In the last half hour, Moore takes the leap into his real message: that Trump really is an dictator, and that he has already gone a long way down that path by neutering the entire Republican Party. That’s half our elected representatives! Moore lunges right for the ultimate comparison — Hitler — but his point is not to bash Donald Trump by likening him to the most evil mind of the 20th century. It’s to say: Here’s how it happened, back when no one thought it could even happen. Not thinking that it could happen is how it happens.
How do we stop it? The short answer — still my favorite — is elections. Vote the destructive sociopath out of office. But Michael Moore is in thrall to his romantic vision of a people’s uprising. He’s right that any true democracy comes from the people, but that perception, in his case, is too wound into dogmatic ideals of action: a new generation of candidates who call themselves socialists and won’t back down. A lot of us would say, without necessarily being tools of the corporation: That’s admirable, but is it really going to win over the kinds of the middle Americans that Moore claims to be the champion of?
He has always had a hifalutin romantic vision of them — that they’re blessedly ordinary, but also dogged and instinctive Marxists. (I don’t think that’s accurate on Moore’s part; I think it’s projection.) Moore thinks that the whole system has to be tossed out, and he gives us a resonant piece of evidence: a clip of Barack Obama, back when he was president, visiting Flint, and doing an I’ll-have-a-glass-of-water stunt that feels like corporate cover. You may never feel the same way about Obama again. (Some of us gave up on him when he wouldn’t fight for Merrick Garland.) Yet Michael Moore is a purist. He rejects the corruption of the contemporary world, and in “Fahrenheit 11/9,” he uses the suppression of primary vote totals in West Virginia as evidence that Bernie Sanders would have been a more popular candidate than Hillary. The movie says: He just wasn’t allowed to be.

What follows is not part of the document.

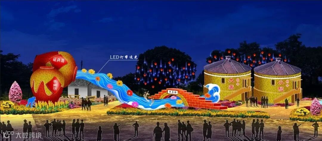 菊艺造景区设大美小榄、乡村振兴、文明城市、绿色家园四大板块,共21组菊花主题造景。
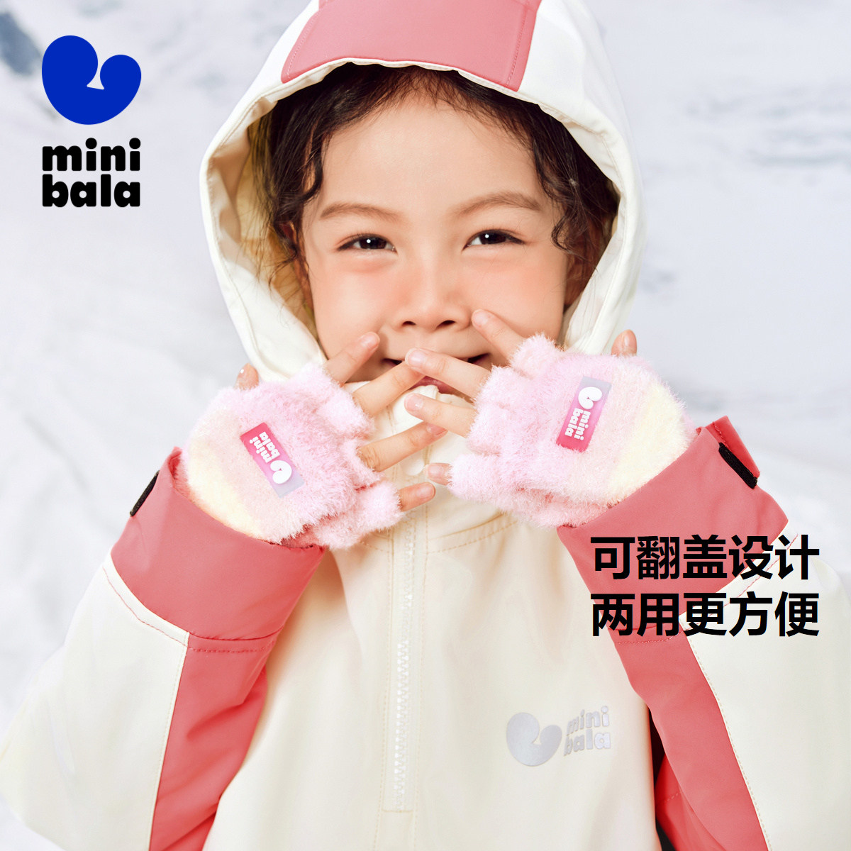 迷你巴拉巴拉男童女童半指翻盖高弹毛线手套冬季新款男女童

I find that unconvincing. We live in a middle-of-the-road country, and that bothers Michael Moore because he’s a secret hipster; he doesn’t want to acknowledge how morally fuddy-duddy most people are. “Fahrenheit 11/9” would be better if it didn’t romanticize the new wave of progressive action (which I believe in) as if it were the second coming. Yet the movie, in its way, summons something ominous and powerful. It’s not a screed — it’s a warning. It says, quite wisely: Take action now, or you may no longer have the opportunity to do so.